Commonly a book excels its movie, and this one is no exception. The story proceeds as a brewing range war between a Wyoming rancher and small farmers toward the end of the 19th Century. Ironically, in the never-ending struggle between "the old ways" and modernization, the small farmer here represents modernization - and small farmers themselves no longer exist.

The principal characters embody themes as old as literature. Before farmers ever got there, the rancher Fletcher cleared the range of marauding Indians by whatever means worked. In a might-makes-right situation, it probably needed such men to lead the westward migration. Fletcher certainly considers himself wronged as farmers begin taking over the land for which he put his life on the line. That the law favors them doesn't matter; Fletcher respects force and little else.

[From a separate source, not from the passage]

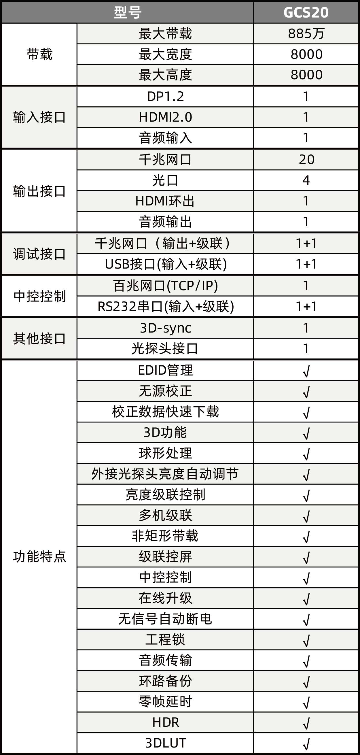 20路网口带载,单机最大带载885W像素,最宽或最高可达8000。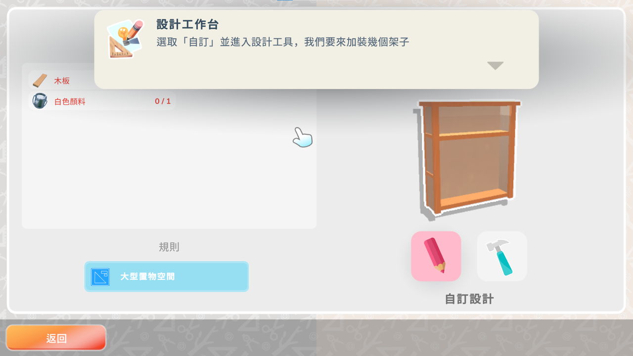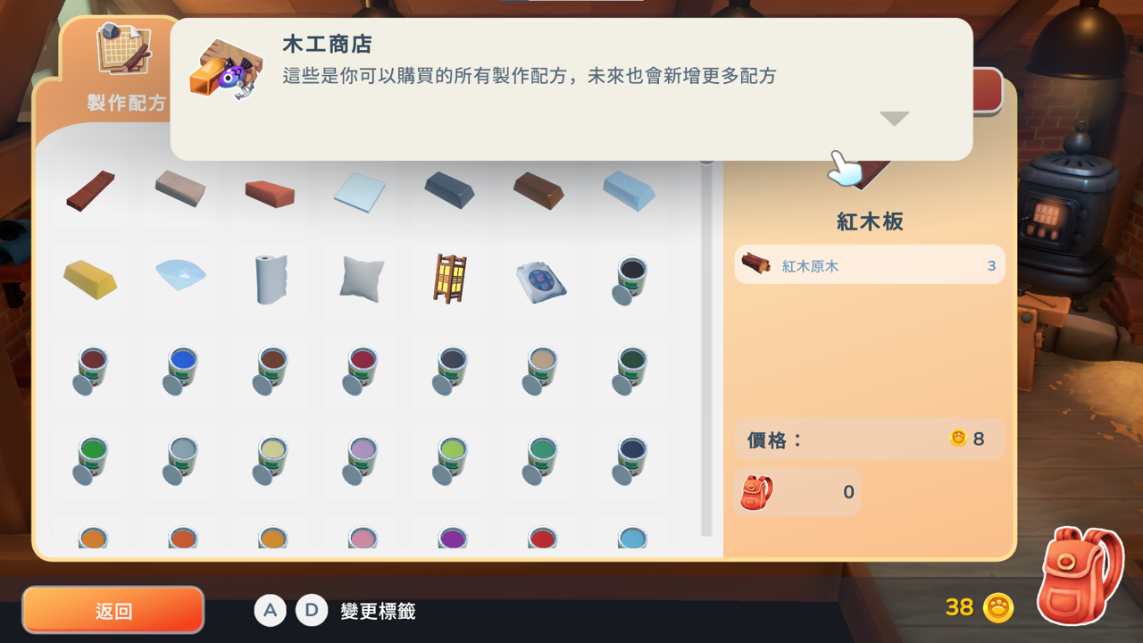 你可以在這裏加工所有設計用的材料,例如布製品、金銀銅、磚塊、木板、顏料、布染料等,只要收集到右方欄目寫著的指定原材料,便能製作出素材來完成您的設計!除了到鎮上的森林和礦山收集原料,您還可以到摩斯的商店購買種子、膠水、布染料基質等常用的材料。

Joe Starrett emblemizes the civilizing virtues: energy, intelligence, sense of community and honor, moral and physical courage, self-discipline, belief in family and self. In a later Schaefer novel Starrett reappears as Chet Rollins. His very physique - large, awkward, physically powerful - stands as a bulwark to which his fellow farmers repair for advice and leadership. Especially in lawless circumstances, such men represent the institutions of civilization to the less sturdy.

Shane is many things, all of them complex. The book cover caricatures him as a gunfighter who can't escape his past. Shane is more than that; he's a white knight, his life echoing the Greeks who said that character is destiny. A man of substance who disdains the company of most, Shane honors substance in the Starretts. They take to each other immediately.

But Shane has another side that he keeps on a leash: the inner leopard, the big cat that lives and hunts alone, striking fear in those around him. "Bad ones like him are poison," Starrett observes. Shane unhesitatingly takes on hugely uneven odds against Morgan and his gang in the saloon, and it isn't just, or even particularly, courage or heroism. He instinctively relishes combat, violent action, dominance, perhaps even cruelty. The leopard blood passion -- and control of it - occupy Shane's core. He cannot be imagined without both.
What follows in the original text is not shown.